Recorded information:
::::::::::
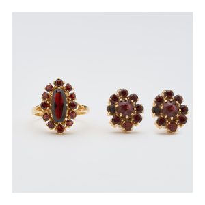 Conjunto de sortija y pendientes en oro con granates tallas oval y redonda engastados en garras.
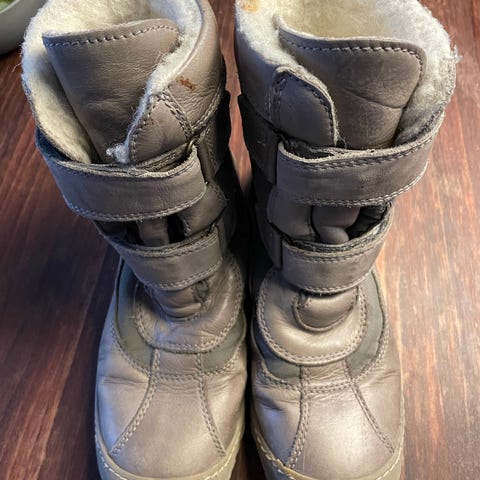 Bisgaard børnestøvler i str. 33 til unisex. Støvlerne er i en mørk/sort farve med velcrolukning foran. Indvendigt er der blødt fór ved skaftet. Overdelen fremstår som robust materiale egnet til udendørs brug. Velegnet kolde dage samt vintervejr. Trænger til en kærlig hånd.
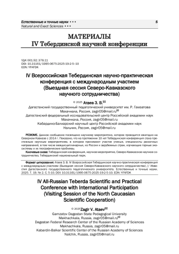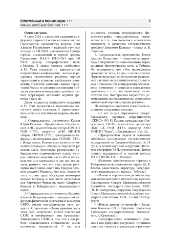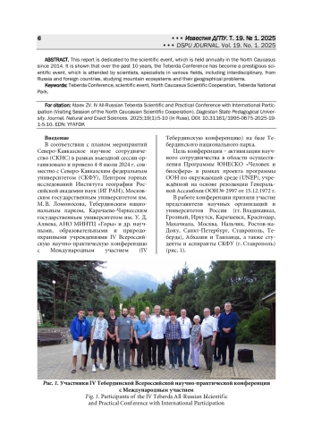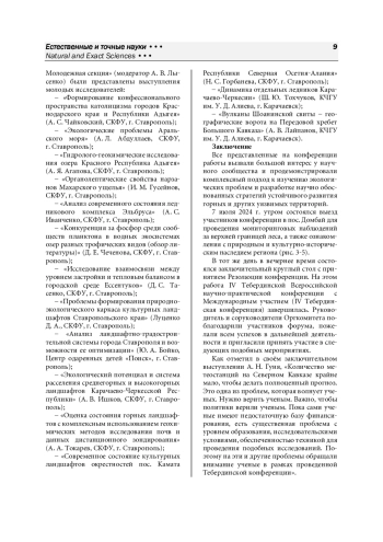 В соответствии с планом мероприятий Северо-Кавказское научное сотрудничество (СКНС) в рамках выездной сессии организовало и провело 4-8 июля 2024 г. сов-местно с Северо-Кавказским федеральным университетом (СКФУ), Центром горных исследований Института географии Российской академии наук (ИГ РАН), Москов-ским государственным университетом им. М. В. Ломоносова, Тебердинским национальным парком, Карачаево-Черкесским государственным университетом им. У. Д. Алиева, АНО МИНТЦ «Горы» и др. науч-ными, образовательными и природоохранными учреждениями IV Всероссийскую научно-практическую конференцию с Международным участием (IV Тебердинскую конференцию) на базе Тебердинского национального парка.
::::::::::
Aim of the task: Repeat the data verbatim, excluding all pictures.

Answer for the task:
 Conjunto de sortija y pendientes en oro con granates tallas oval y redonda engastados en garras.
 Bisgaard børnestøvler i str. 33 til unisex. Støvlerne er i en mørk/sort farve med velcrolukning foran. Indvendigt er der blødt fór ved skaftet. Overdelen fremstår som robust materiale egnet til udendørs brug. Velegnet kolde dage samt vintervejr. Trænger til en kærlig hånd.
 В соответствии с планом мероприятий Северо-Кавказское научное сотрудничество (СКНС) в рамках выездной сессии организовало и провело 4-8 июля 2024 г. сов-местно с Северо-Кавказским федеральным университетом (СКФУ), Центром горных исследований Института географии Российской академии наук (ИГ РАН), Москов-ским государственным университетом им. М. В. Ломоносова, Тебердинским национальным парком, Карачаево-Черкесским государственным университетом им. У. Д. Алиева, АНО МИНТЦ «Горы» и др. науч-ными, образовательными и природоохранными учреждениями IV Всероссийскую научно-практическую конференцию с Международным участием (IV Тебердинскую конференцию) на базе Тебердинского национального парка.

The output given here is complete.